In [30]: test_arrays_loader = DataLoader(
    ...:     data_path=data_path, batch_file_size=1,
    ...:     shuffle_data=False, mode='test'
    ...: )
    ...: key, val = list(next(iter(test_arrays_loader)).items())[0]
    ...: explanations = ln.explain(val.x)
    ...:
Extracting a sample of the training data
data/features/train/1985_4 returns no values. Skipping
data/features/train/1986_1 returns no values. Skipping
data/features/train/1985_12 returns no values. Skipping
data/features/train/1985_7 returns no values. Skipping
data/features/train/1985_6 returns no values. Skipping
data/features/train/1985_5 returns no values. Skipping
data/features/train/1985_9 returns no values. Skipping
data/features/train/1985_11 returns no values. Skipping
data/features/train/1985_8 returns no values. Skipping
data/features/train/1985_3 returns no values. Skipping
data/features/train/1985_2 returns no values. Skipping
data/features/train/1985_10 returns no values. Skipping
data/features/train/1985_1 returns no values. Skipping
---------------------------------------------------------------------------
ValueError                                Traceback (most recent call last)
<ipython-input-30-0ed9ca150eae> in <module>
      4 )
      5 key, val = list(next(iter(test_arrays_loader)).items())[0]
----> 6 explanations = ln.explain(val.x)

~/ml_drought/src/models/linear_network.py in explain(self, x)
     60                 self.model, background_samples)
     61
---> 62         return self.explainer.shap_values(x)
     63
     64     def train(self, num_epochs: int = 1,

~/miniconda3/envs/esowc-drought/lib/python3.7/site-packages/shap/explainers/deep/__init__.py in shap_values(self, X, ranked_outputs, output_rank_order)
    117         were chosen as "top".
    118         """
--> 119         return self.explainer.shap_values(X, ranked_outputs, output_rank_order)
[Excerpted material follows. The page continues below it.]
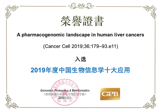 2020年2月,肝癌药物基因组学“蓝图”,通过《基因组蛋白质组与生物信息学报》(Genomics, Proteomics & Bioinformatics, 简称GPB)组织的领域同行专家评审,成功入选2019年度“中国生物信息学十大应用”。该工作是由中国科学院生物化学与细胞生物学研究所惠利健团队、中国科学院上海营养与健康研究所李亦学团队、中国人民解放军海军军医大学张海斌团队和南京大学附属鼓楼医院施晓雷合作完成,于2019年8月在国际顶级学术期刊Cell旗下子刊Cancer Cell上发表的研究成果。该成果构建了目前最大的肝癌细胞模型平台,包括50株新建立的中国病人来源的肝癌细胞系和31株发表的肝癌细胞系,重现了肝癌患者的基因组和转录组异质性。通过整合大规模测序和高通量药物筛选数据,研究人员建立了肝癌中基因组变异与药物响应的相关性,发现了新的治疗靶点和分子标志物,为索拉菲尼的个体化治疗提供了循证医学证据。

~/miniconda3/envs/esowc-drought/lib/python3.7/site-packages/shap/explainers/deep/deep_pytorch.py in shap_values(self, X, ranked_outputs, output_rank_order)
    156                 tiled_X = [X[l][j:j + 1].repeat(
    157                                    (self.data[l].shape[0],) + tuple([1 for k in range(len(X[l].shape) - 1)])) for l
--> 158                            in range(len(X))]
    159                 joint_x = [torch.cat((tiled_X[l], self.data[l]), dim=0) for l in range(len(X))]
    160                 # run attribution computation graph

~/miniconda3/envs/esowc-drought/lib/python3.7/site-packages/shap/explainers/deep/deep_pytorch.py in <listcomp>(.0)
    155                 # tile the inputs to line up with the background data samples
    156                 tiled_X = [X[l][j:j + 1].repeat(
--> 157                                    (self.data[l].shape[0],) + tuple([1 for k in range(len(X[l].shape) - 1)])) for l
    158                            in range(len(X))]
    159                 joint_x = [torch.cat((tiled_X[l], self.data[l]), dim=0) for l in range(len(X))]

ValueError: operands could not be broadcast together with shape (55,) (3,)
tommylees112 commented 5 years ago
test_arrays_loader = DataLoader(
    data_path=data_path, batch_file_size=1,
    shuffle_data=False, mode='test', to_tensor=True
)
key, val = list(next(iter(test_arrays_loader)).items())[0]
explanations = ln.explain(val.x)

Tried adding in the to_tensor=True argument but then got a whole load of these:

...
Warning: unrecognized nn.Module: LinearBlock
Warning: unrecognized nn.Module: LinearBlock
Warning: unrecognized nn.Module: LinearBlock
Warning: unrecognized nn.Module: LinearBlock
Warning: unrecognized nn.Module: LinearBlock
Warning: unrecognized nn.Module: LinearBlock
Warning: unrecognized nn.Module: LinearBlock
...
gabrieltseng commented 5 years ago

The reason you get all those warnings is because the DeepExplainer is run once per instance, so if you just take the entire batch thats ~30,000 instances.

It works better if you limit it to 3 instances - I've updated the script to reflect that.